* [Activity]
The response has to reproduce all entries exactly while excluding their pictures.

Dataset items
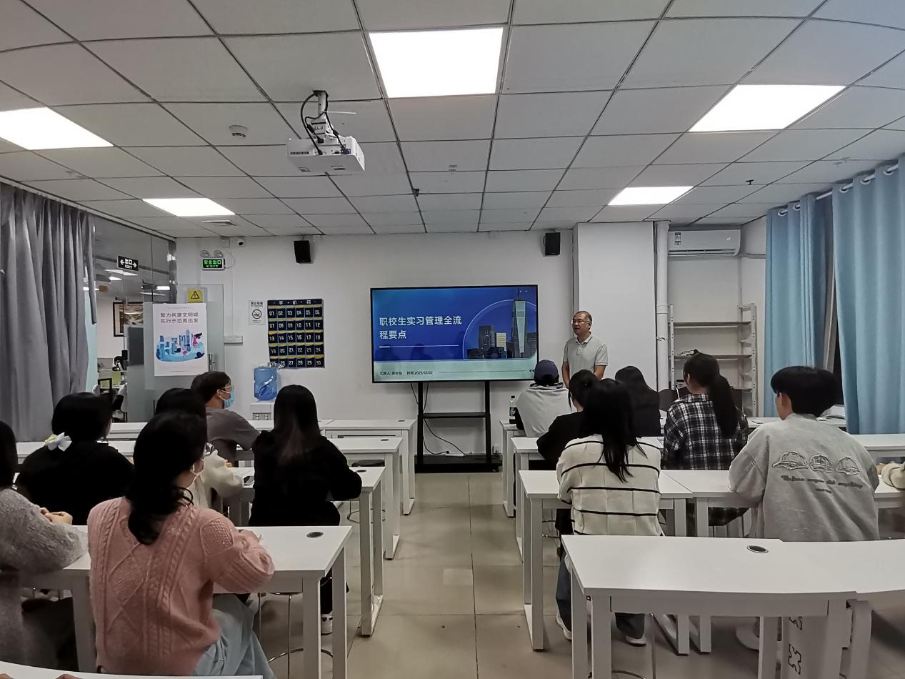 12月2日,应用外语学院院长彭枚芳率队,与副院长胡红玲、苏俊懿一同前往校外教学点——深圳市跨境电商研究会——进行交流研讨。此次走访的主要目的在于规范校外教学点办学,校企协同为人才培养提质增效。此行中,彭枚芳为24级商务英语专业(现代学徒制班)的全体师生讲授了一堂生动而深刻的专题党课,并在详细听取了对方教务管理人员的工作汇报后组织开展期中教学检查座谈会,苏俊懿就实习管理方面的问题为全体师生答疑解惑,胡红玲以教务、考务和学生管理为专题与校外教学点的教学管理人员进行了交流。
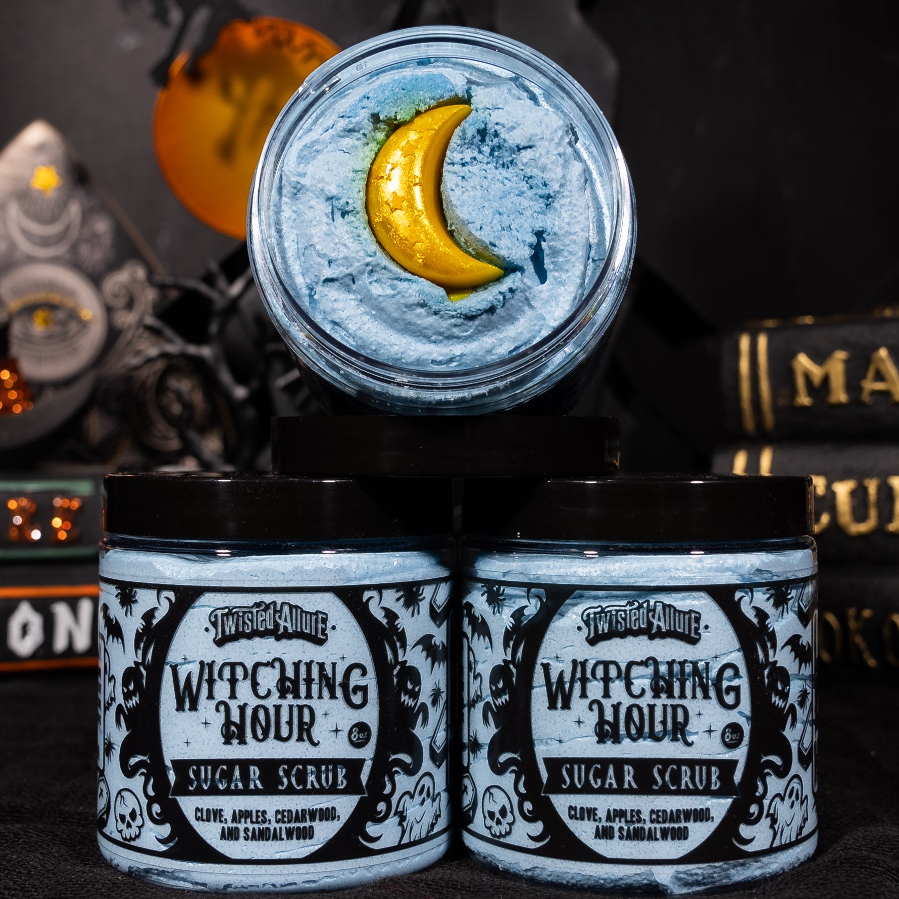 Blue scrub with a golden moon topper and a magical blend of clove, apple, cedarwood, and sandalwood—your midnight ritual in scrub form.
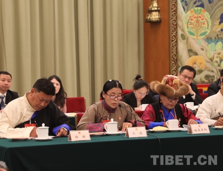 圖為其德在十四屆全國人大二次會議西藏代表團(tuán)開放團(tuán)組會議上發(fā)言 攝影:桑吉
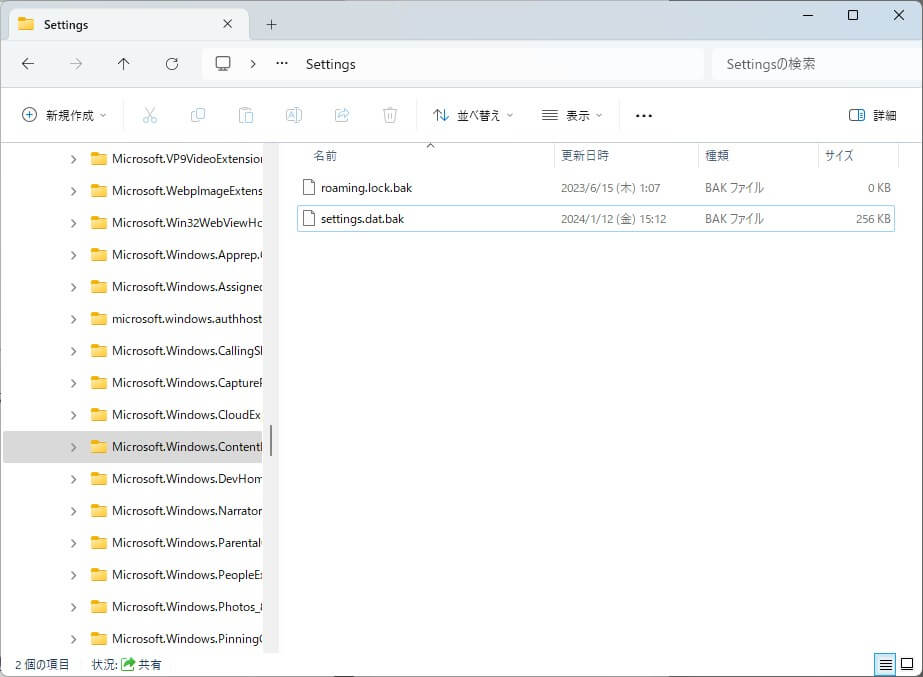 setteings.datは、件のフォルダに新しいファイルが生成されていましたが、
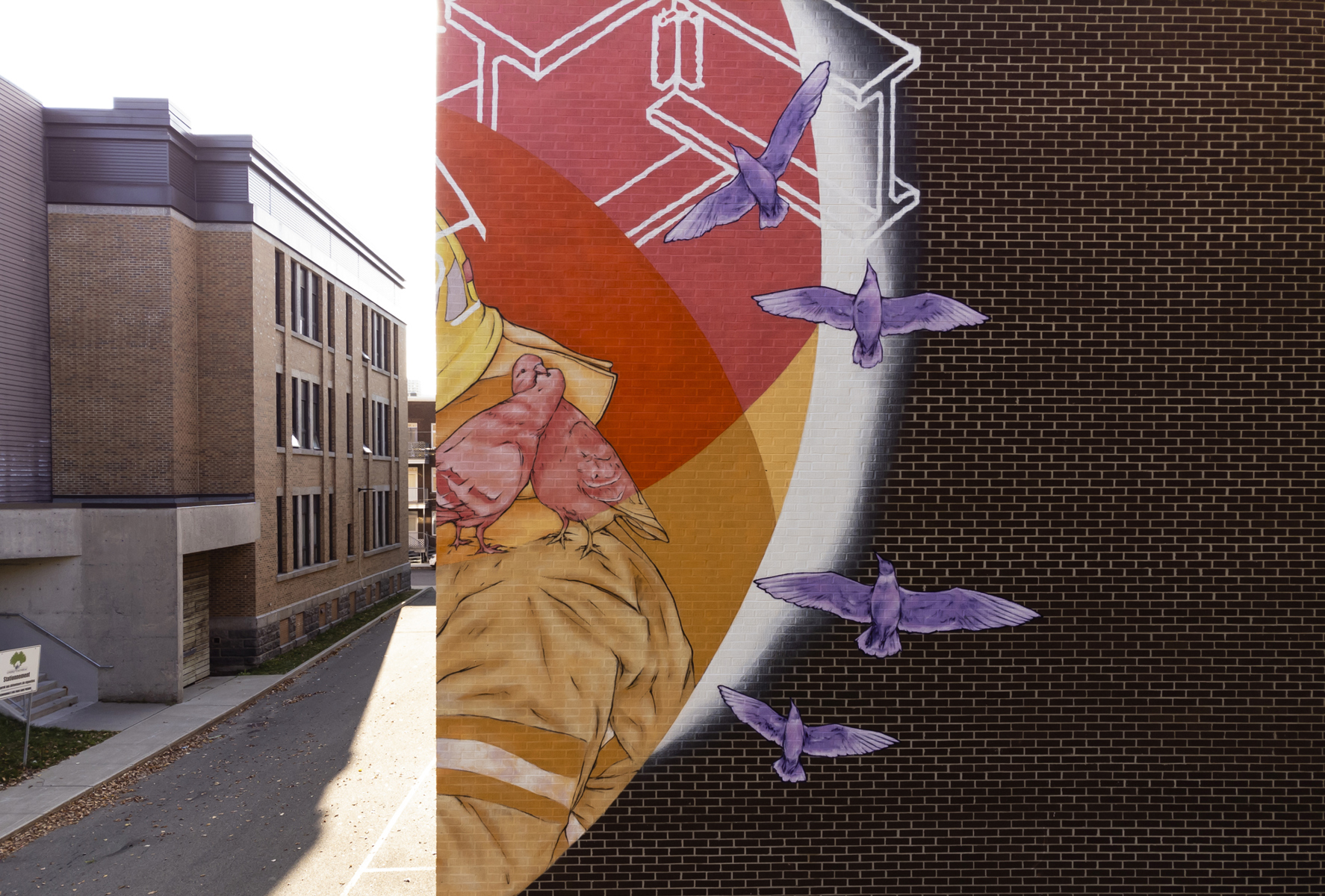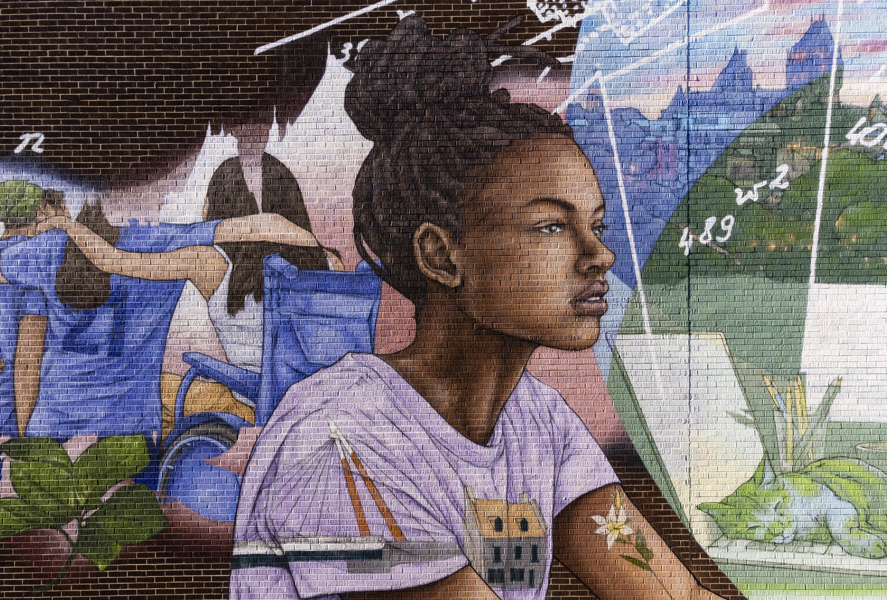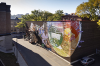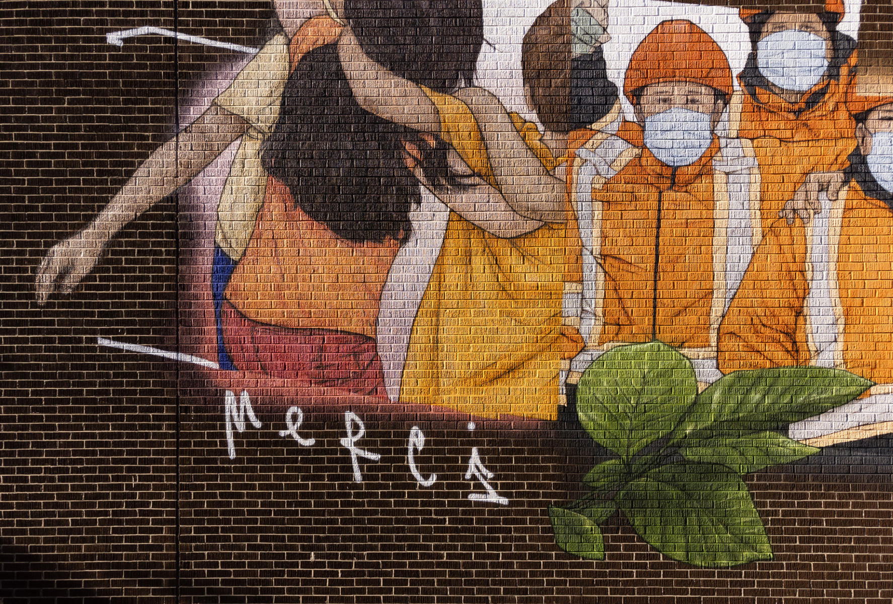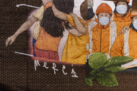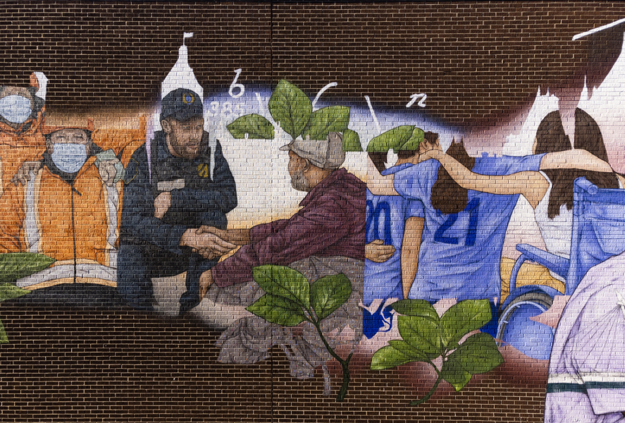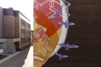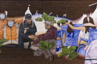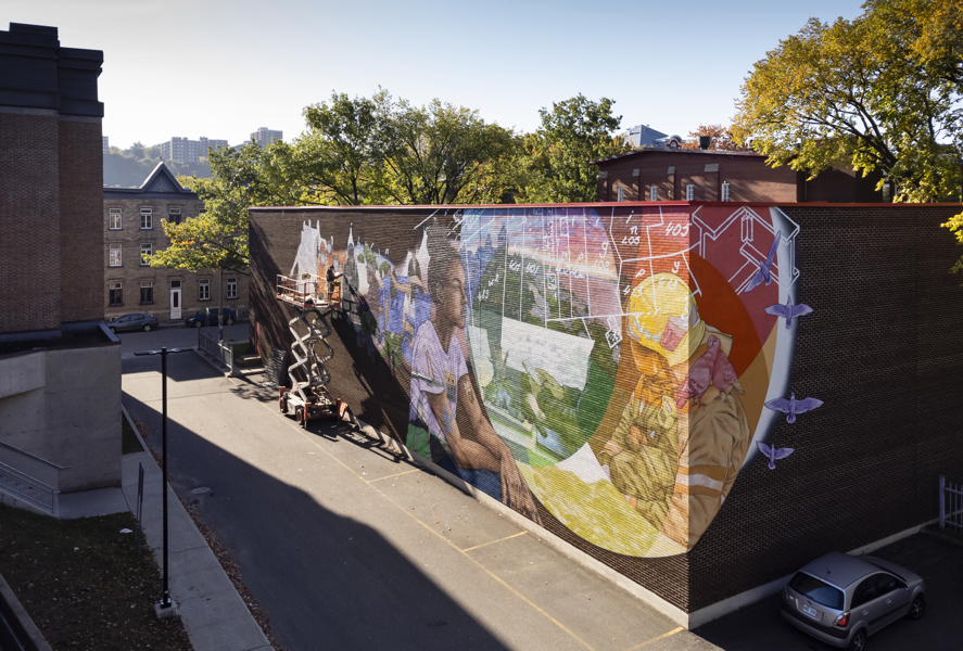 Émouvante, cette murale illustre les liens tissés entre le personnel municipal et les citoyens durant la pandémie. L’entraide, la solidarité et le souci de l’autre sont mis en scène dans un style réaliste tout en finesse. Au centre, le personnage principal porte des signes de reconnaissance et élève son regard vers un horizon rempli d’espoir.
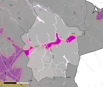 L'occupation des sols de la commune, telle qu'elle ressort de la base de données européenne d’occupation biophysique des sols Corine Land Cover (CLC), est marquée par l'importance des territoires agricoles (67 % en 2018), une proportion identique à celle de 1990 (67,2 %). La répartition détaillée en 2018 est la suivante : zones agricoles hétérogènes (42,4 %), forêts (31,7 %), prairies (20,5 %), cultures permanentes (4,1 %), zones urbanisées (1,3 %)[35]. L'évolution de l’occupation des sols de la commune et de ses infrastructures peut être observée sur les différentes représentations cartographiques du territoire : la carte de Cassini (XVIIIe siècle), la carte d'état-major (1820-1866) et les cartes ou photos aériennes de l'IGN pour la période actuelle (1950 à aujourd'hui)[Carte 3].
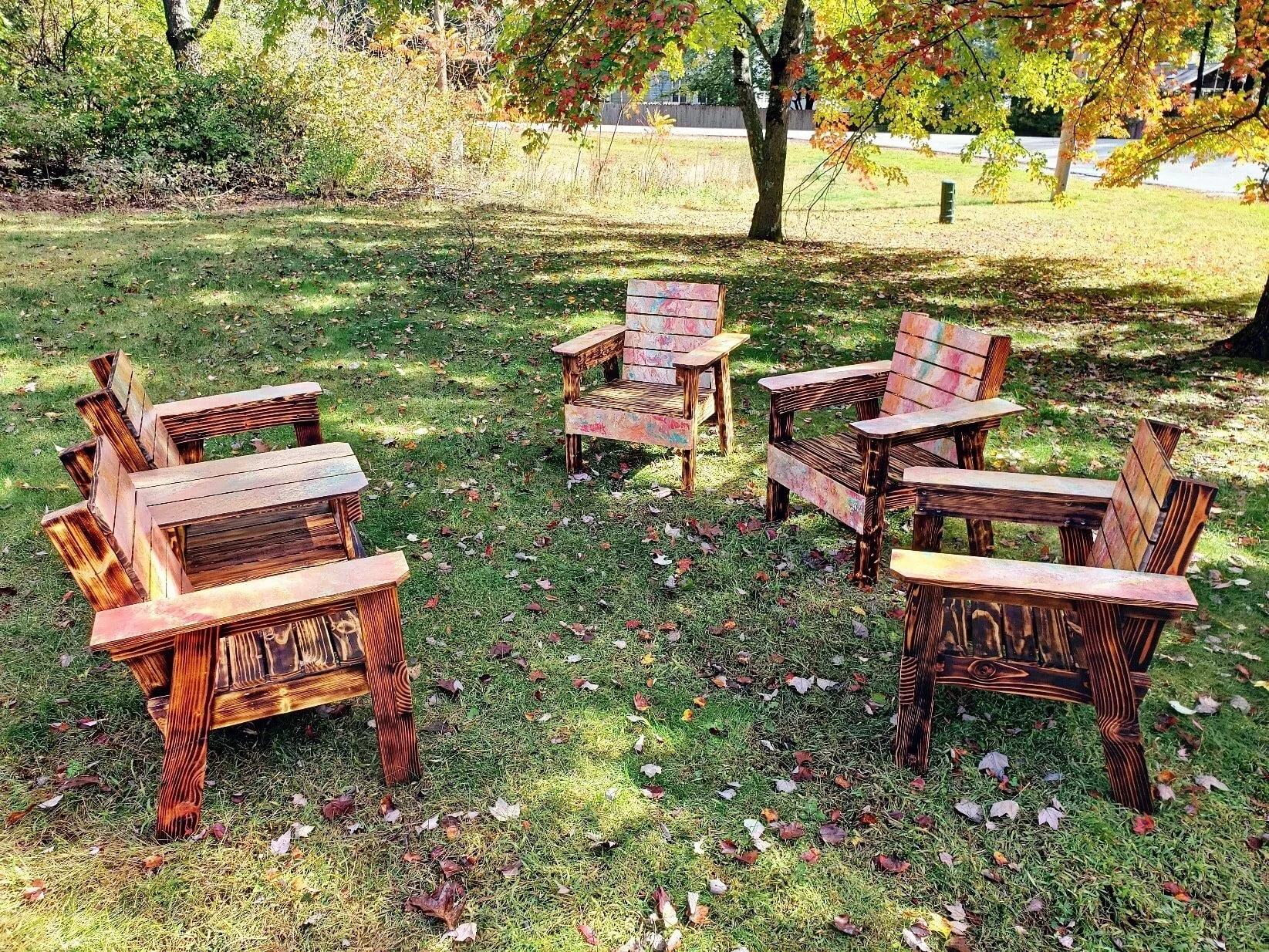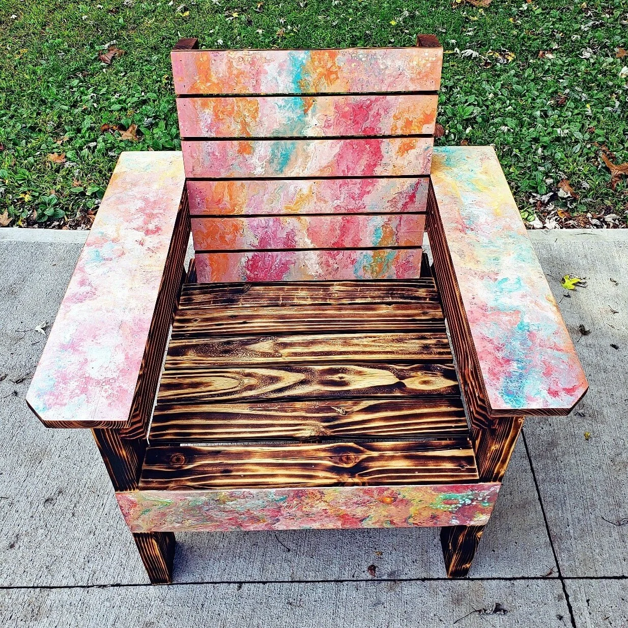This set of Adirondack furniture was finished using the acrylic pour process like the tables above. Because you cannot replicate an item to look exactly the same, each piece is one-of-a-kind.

* [Exercise response]
 12月2日,应用外语学院院长彭枚芳率队,与副院长胡红玲、苏俊懿一同前往校外教学点——深圳市跨境电商研究会——进行交流研讨。此次走访的主要目的在于规范校外教学点办学,校企协同为人才培养提质增效。此行中,彭枚芳为24级商务英语专业(现代学徒制班)的全体师生讲授了一堂生动而深刻的专题党课,并在详细听取了对方教务管理人员的工作汇报后组织开展期中教学检查座谈会,苏俊懿就实习管理方面的问题为全体师生答疑解惑,胡红玲以教务、考务和学生管理为专题与校外教学点的教学管理人员进行了交流。
 Blue scrub with a golden moon topper and a magical blend of clove, apple, cedarwood, and sandalwood—your midnight ritual in scrub form.
 圖為其德在十四屆全國人大二次會議西藏代表團(tuán)開放團(tuán)組會議上發(fā)言 攝影:桑吉
 setteings.datは、件のフォルダに新しいファイルが生成されていましたが、
 Émouvante, cette murale illustre les liens tissés entre le personnel municipal et les citoyens durant la pandémie. L’entraide, la solidarité et le souci de l’autre sont mis en scène dans un style réaliste tout en finesse. Au centre, le personnage principal porte des signes de reconnaissance et élève son regard vers un horizon rempli d’espoir.
 L'occupation des sols de la commune, telle qu'elle ressort de la base de données européenne d’occupation biophysique des sols Corine Land Cover (CLC), est marquée par l'importance des territoires agricoles (67 % en 2018), une proportion identique à celle de 1990 (67,2 %). La répartition détaillée en 2018 est la suivante : zones agricoles hétérogènes (42,4 %), forêts (31,7 %), prairies (20,5 %), cultures permanentes (4,1 %), zones urbanisées (1,3 %)[35]. L'évolution de l’occupation des sols de la commune et de ses infrastructures peut être observée sur les différentes représentations cartographiques du territoire : la carte de Cassini (XVIIIe siècle), la carte d'état-major (1820-1866) et les cartes ou photos aériennes de l'IGN pour la période actuelle (1950 à aujourd'hui)[Carte 3].
This set of Adirondack furniture was finished using the acrylic pour process like the tables above. Because you cannot replicate an item to look exactly the same, each piece is one-of-a-kind.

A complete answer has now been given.